- _TASK DATA_
= = = = = = =

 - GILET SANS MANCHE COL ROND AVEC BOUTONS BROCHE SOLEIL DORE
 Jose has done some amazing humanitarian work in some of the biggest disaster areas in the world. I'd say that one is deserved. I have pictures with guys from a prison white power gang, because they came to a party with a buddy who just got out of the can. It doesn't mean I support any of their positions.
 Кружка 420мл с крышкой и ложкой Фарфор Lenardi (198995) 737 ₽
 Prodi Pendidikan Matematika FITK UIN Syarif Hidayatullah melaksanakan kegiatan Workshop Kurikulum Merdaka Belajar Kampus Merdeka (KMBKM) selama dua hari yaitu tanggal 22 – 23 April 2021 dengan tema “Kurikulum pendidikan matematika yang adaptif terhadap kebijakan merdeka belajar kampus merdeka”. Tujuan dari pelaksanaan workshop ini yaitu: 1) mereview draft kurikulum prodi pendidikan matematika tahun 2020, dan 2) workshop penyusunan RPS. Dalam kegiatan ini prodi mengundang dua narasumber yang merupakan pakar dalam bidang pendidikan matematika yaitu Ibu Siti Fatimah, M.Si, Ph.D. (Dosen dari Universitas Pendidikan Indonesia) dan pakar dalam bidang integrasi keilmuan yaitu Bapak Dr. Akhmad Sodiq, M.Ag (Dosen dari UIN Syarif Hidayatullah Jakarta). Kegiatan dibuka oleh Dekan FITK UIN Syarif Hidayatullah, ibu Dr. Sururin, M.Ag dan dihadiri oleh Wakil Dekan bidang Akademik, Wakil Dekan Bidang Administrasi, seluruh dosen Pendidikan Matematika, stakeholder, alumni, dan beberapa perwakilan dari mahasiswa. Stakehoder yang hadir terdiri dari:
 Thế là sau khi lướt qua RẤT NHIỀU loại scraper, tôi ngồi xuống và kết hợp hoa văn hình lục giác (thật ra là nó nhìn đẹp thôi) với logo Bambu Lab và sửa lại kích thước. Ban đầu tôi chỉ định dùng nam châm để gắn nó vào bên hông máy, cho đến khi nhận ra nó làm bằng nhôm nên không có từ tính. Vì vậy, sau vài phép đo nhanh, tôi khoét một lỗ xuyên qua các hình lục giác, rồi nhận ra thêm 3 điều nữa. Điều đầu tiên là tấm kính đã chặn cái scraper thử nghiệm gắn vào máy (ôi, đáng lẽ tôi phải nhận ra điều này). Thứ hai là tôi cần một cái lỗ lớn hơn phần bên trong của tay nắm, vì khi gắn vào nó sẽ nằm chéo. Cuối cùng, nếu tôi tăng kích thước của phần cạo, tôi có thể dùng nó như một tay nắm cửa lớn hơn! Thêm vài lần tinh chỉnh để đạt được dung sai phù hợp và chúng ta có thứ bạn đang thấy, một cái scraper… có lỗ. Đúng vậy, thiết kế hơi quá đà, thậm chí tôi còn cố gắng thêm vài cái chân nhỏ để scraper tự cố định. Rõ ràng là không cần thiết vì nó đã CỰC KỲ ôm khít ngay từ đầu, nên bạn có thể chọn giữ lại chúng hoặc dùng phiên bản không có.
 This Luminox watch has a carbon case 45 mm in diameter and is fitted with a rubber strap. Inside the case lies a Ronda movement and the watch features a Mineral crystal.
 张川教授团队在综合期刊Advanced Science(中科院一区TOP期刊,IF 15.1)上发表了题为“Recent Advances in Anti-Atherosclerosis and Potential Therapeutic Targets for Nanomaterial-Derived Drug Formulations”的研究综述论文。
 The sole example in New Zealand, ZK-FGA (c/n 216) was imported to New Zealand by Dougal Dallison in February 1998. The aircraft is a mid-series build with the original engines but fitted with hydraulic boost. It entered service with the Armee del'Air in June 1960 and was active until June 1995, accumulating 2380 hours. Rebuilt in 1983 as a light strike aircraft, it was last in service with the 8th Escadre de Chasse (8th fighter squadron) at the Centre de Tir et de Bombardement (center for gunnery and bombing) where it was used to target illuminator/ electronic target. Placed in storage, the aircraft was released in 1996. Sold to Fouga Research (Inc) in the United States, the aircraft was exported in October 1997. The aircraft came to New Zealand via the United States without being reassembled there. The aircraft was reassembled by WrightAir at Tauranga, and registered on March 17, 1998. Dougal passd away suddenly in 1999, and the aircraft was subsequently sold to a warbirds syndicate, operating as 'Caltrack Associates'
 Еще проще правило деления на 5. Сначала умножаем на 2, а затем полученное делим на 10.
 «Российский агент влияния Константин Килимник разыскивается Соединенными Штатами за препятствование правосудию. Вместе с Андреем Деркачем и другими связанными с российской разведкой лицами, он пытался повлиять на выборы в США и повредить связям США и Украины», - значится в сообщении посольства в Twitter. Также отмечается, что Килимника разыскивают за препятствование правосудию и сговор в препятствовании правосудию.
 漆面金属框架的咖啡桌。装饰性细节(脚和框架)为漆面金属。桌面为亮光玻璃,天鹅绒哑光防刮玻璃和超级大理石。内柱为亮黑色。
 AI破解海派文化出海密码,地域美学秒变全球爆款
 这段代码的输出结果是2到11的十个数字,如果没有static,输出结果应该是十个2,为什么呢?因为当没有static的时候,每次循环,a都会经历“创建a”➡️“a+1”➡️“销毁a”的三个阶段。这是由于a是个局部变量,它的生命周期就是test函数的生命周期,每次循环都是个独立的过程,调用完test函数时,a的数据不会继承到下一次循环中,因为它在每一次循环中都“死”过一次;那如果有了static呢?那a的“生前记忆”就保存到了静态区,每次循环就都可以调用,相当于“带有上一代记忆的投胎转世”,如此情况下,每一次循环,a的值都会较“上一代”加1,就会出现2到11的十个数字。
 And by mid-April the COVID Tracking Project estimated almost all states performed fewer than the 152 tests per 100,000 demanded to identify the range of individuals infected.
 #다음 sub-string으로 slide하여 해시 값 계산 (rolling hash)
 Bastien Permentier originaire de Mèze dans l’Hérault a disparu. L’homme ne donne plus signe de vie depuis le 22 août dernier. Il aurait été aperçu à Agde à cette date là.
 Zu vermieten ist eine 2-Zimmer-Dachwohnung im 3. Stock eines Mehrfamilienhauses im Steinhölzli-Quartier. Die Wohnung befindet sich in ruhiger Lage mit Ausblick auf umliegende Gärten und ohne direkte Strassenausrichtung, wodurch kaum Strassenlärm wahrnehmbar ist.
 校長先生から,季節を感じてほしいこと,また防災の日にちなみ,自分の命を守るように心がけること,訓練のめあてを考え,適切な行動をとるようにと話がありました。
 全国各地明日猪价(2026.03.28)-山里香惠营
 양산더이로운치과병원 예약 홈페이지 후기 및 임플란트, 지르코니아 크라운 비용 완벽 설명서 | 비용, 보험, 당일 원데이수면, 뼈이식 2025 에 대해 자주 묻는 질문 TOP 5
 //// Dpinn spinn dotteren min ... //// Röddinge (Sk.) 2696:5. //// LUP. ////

= = = = = = =

- _PROBLEM DETAILS_
Every line above from the line with "Thế là sau khi" to the line with "Advances in Anti-Atherosclerosis", both included, must be reproduced exactly, and no other line may appear.

- _ANSWER TO THIS PROBLEM_
 Thế là sau khi lướt qua RẤT NHIỀU loại scraper, tôi ngồi xuống và kết hợp hoa văn hình lục giác (thật ra là nó nhìn đẹp thôi) với logo Bambu Lab và sửa lại kích thước. Ban đầu tôi chỉ định dùng nam châm để gắn nó vào bên hông máy, cho đến khi nhận ra nó làm bằng nhôm nên không có từ tính. Vì vậy, sau vài phép đo nhanh, tôi khoét một lỗ xuyên qua các hình lục giác, rồi nhận ra thêm 3 điều nữa. Điều đầu tiên là tấm kính đã chặn cái scraper thử nghiệm gắn vào máy (ôi, đáng lẽ tôi phải nhận ra điều này). Thứ hai là tôi cần một cái lỗ lớn hơn phần bên trong của tay nắm, vì khi gắn vào nó sẽ nằm chéo. Cuối cùng, nếu tôi tăng kích thước của phần cạo, tôi có thể dùng nó như một tay nắm cửa lớn hơn! Thêm vài lần tinh chỉnh để đạt được dung sai phù hợp và chúng ta có thứ bạn đang thấy, một cái scraper… có lỗ. Đúng vậy, thiết kế hơi quá đà, thậm chí tôi còn cố gắng thêm vài cái chân nhỏ để scraper tự cố định. Rõ ràng là không cần thiết vì nó đã CỰC KỲ ôm khít ngay từ đầu, nên bạn có thể chọn giữ lại chúng hoặc dùng phiên bản không có.
 This Luminox watch has a carbon case 45 mm in diameter and is fitted with a rubber strap. Inside the case lies a Ronda movement and the watch features a Mineral crystal.
 张川教授团队在综合期刊Advanced Science(中科院一区TOP期刊,IF 15.1)上发表了题为“Recent Advances in Anti-Atherosclerosis and Potential Therapeutic Targets for Nanomaterial-Derived Drug Formulations”的研究综述论文。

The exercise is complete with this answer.